▸ Activity
Set down, word for word, only the lines from the start of the records through the line bearing "本次增资与锐威公司一项既定的"; include no pictures.

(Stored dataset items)
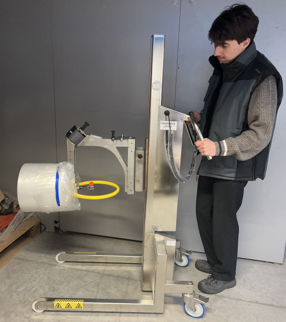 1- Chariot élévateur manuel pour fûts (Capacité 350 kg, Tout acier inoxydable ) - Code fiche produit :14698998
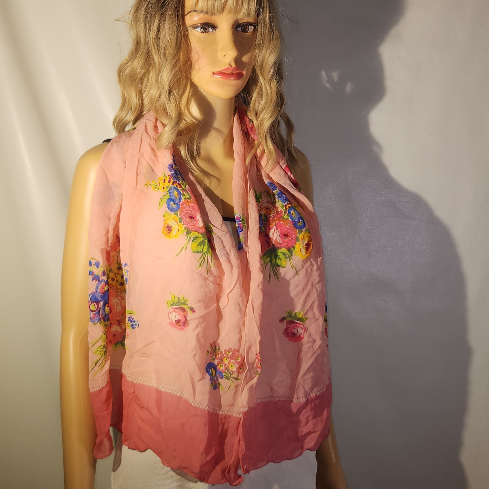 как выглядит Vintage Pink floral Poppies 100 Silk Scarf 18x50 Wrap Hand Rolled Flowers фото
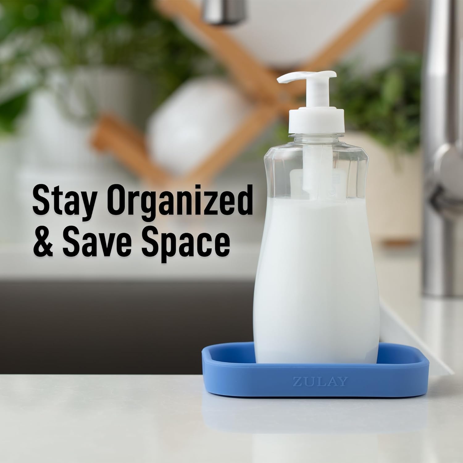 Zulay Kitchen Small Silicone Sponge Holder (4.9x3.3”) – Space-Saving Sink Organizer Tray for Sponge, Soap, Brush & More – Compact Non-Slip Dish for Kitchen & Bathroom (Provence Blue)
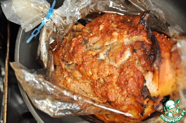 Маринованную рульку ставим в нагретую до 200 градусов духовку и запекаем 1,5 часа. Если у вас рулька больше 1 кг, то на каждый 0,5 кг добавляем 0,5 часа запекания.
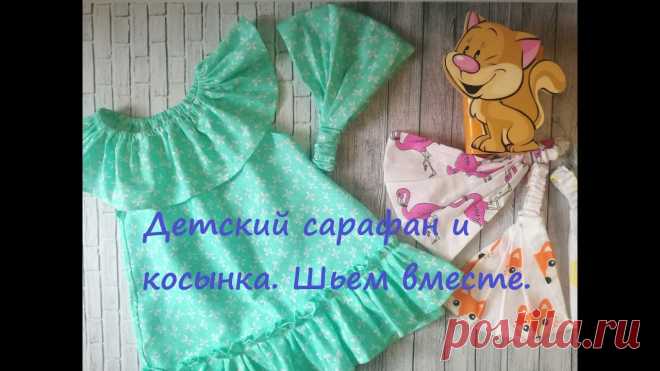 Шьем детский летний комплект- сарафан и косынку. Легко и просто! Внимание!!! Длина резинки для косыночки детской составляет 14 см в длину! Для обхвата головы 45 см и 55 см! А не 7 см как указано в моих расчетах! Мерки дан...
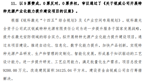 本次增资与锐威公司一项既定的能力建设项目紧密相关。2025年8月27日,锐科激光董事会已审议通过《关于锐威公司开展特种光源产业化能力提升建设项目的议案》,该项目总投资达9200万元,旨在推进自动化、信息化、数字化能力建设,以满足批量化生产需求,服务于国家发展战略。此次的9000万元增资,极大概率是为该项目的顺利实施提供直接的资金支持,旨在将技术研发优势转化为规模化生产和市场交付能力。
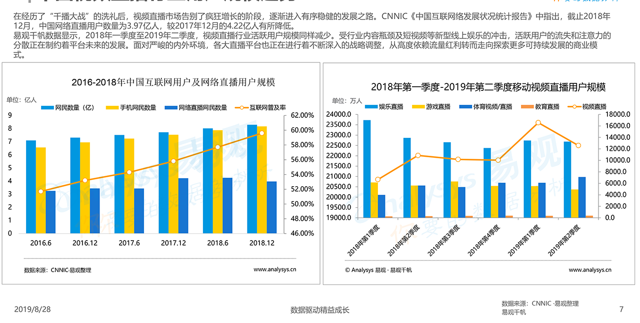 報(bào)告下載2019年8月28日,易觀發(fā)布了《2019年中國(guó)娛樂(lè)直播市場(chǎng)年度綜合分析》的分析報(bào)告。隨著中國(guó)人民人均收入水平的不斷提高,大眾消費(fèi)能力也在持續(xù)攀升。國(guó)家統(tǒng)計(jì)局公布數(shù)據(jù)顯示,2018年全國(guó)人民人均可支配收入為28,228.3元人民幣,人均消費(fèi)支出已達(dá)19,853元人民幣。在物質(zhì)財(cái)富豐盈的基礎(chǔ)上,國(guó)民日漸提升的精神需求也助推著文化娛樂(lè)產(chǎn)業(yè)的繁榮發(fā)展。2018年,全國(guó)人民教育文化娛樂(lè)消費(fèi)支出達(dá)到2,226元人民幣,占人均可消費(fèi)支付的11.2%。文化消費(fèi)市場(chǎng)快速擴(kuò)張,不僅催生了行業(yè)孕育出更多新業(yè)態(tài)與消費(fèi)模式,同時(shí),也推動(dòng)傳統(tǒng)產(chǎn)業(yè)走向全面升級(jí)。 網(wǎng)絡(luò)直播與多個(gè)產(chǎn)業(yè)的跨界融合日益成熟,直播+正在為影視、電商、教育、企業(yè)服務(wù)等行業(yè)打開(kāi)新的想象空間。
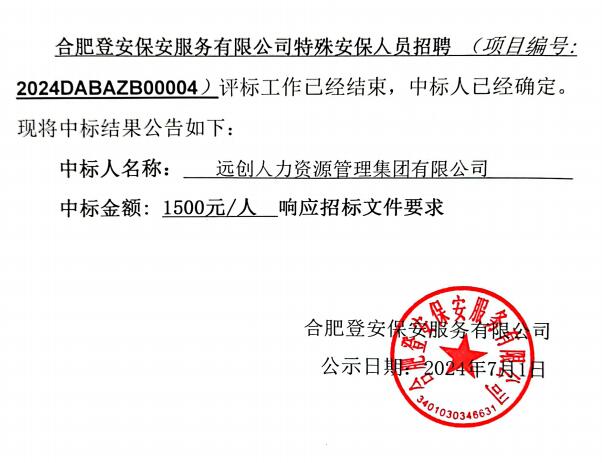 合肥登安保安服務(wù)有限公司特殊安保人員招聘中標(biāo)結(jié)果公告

▸ Output below
 1- Chariot élévateur manuel pour fûts (Capacité 350 kg, Tout acier inoxydable ) - Code fiche produit :14698998
 как выглядит Vintage Pink floral Poppies 100 Silk Scarf 18x50 Wrap Hand Rolled Flowers фото
 Zulay Kitchen Small Silicone Sponge Holder (4.9x3.3”) – Space-Saving Sink Organizer Tray for Sponge, Soap, Brush & More – Compact Non-Slip Dish for Kitchen & Bathroom (Provence Blue)
 Маринованную рульку ставим в нагретую до 200 градусов духовку и запекаем 1,5 часа. Если у вас рулька больше 1 кг, то на каждый 0,5 кг добавляем 0,5 часа запекания.
 Шьем детский летний комплект- сарафан и косынку. Легко и просто! Внимание!!! Длина резинки для косыночки детской составляет 14 см в длину! Для обхвата головы 45 см и 55 см! А не 7 см как указано в моих расчетах! Мерки дан...
 本次增资与锐威公司一项既定的能力建设项目紧密相关。2025年8月27日,锐科激光董事会已审议通过《关于锐威公司开展特种光源产业化能力提升建设项目的议案》,该项目总投资达9200万元,旨在推进自动化、信息化、数字化能力建设,以满足批量化生产需求,服务于国家发展战略。此次的9000万元增资,极大概率是为该项目的顺利实施提供直接的资金支持,旨在将技术研发优势转化为规模化生产和市场交付能力。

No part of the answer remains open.